だからこそ、ユーナさんみたいに元々、ある程度話せる大丈夫な人でもまずい。今、破裂されたら困る。ごちゃごちゃと、色々考えたが、翻訳魔法をかけるのは無しだ。
(さてさて、どうしたらいいものか……)
一番良いのは、自分が共有語を理解する事だろう。なら、一番手っ取り早いのは共有語を理解している魔術師に、翻訳魔法を自分にかけてもらう事になるだろう。
しかし、そうなると、翻訳魔法を習得している魔術師を探さないといけない。だが、翻訳魔法を習得している魔術師は居るのだろうか? そもそも、翻訳魔法は人間が使えるのだろうか?
そう考えると、素直に地道に共有後の勉強をして、自分が自力で話せるようになる方がいっそはやいのかもしれない。
そんなふうに、一応の結論のような物を自分が出していると、目の前でなぜ一緒に何かに悩んでいたユーナさんが何か思いついたようだ。
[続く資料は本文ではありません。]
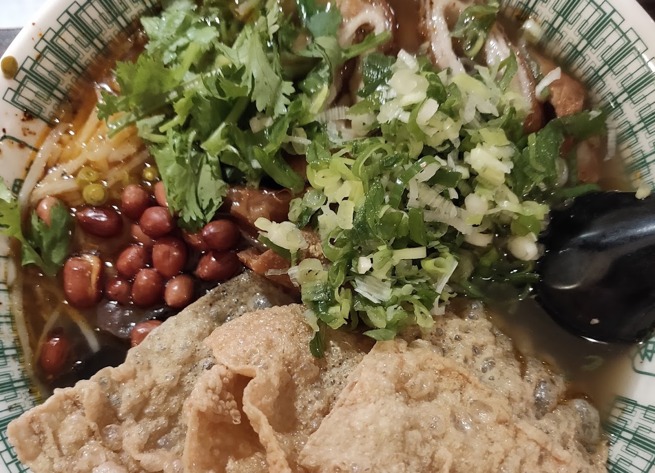 脆皮豬真的有脆,粉也有嚼勁,湯頭跟配菜的口味有調整成台灣人比較能接受的味道,不用怕太臭?辣度比想像中高,怕辣的人要小心~

「アラン メイレイ カリ ホウシュウ デキルカギリ ナンデモ」
と、神妙な表情で言ってきた。
「ただの狩りに行くだけで、何でも貰えるんですか? えらく太っ腹ですねアランさん」
抱えきれないほどの大金とか、金をはじめとした貴金属を山ほど。と、言っても通るのだろうか? いや、常識的に考えてそれは無理だろう。
「デキルカギリ セイコウ ホウシュウ ジョウホウ モラウ ミツカル デンセツ」
ふざけた考えを読まれていたかのように釘を刺された。やはり無茶ぶりは無しのようだ。しかし、迂遠な方法で情報を求めないといけないようだ。
「なるほど、成功報酬にそういう類の物を知っている奴を紹介しろ、と言えば良いんですね。でも、それくらいならユーナさんでもできるんじゃないんですか? それなりの地位に居るんでしょう?」
「ワタシ エライ ナイ アル エイユー カタガキ マダ グン ハイル ナイ」
そう言いながら今度は表情を硬くしてじっと自分の方を見つめながら話し始めた。
「あれ? ユーナさんはこの国のなかでも偉い方の人間なのでは?」
「……エライ ナル イマ エライ ナイ」
一瞬沈黙し、焦って居るのか、目をキョロキョロさせ手を弄りながらそう言った。
「はぁ……わかりました」
そう言うと、ユーナさんは狩りに行くのを了承した。と、取ったのか、さっきまでの動きと打って変わって「アリガトウ」と言って、嬉しそうな雰囲気で馬小屋を出て行った。
(もしかして、実はユーナさんって当てに出来ないんじゃ……いや待て、ユーナさんは「イマ エライ ナイ」おそらく、今は偉くないと言った……多分)
そう考えた場合、今は、つまり、そのうち偉くなるって事なのだろう。それは、もしかしたら時期と表彰式から見て、自分も関係している事なのかもしれない。
(というか、そもそもまだここに来て……というかユーナさんに出会って一日しかたってないんだよな)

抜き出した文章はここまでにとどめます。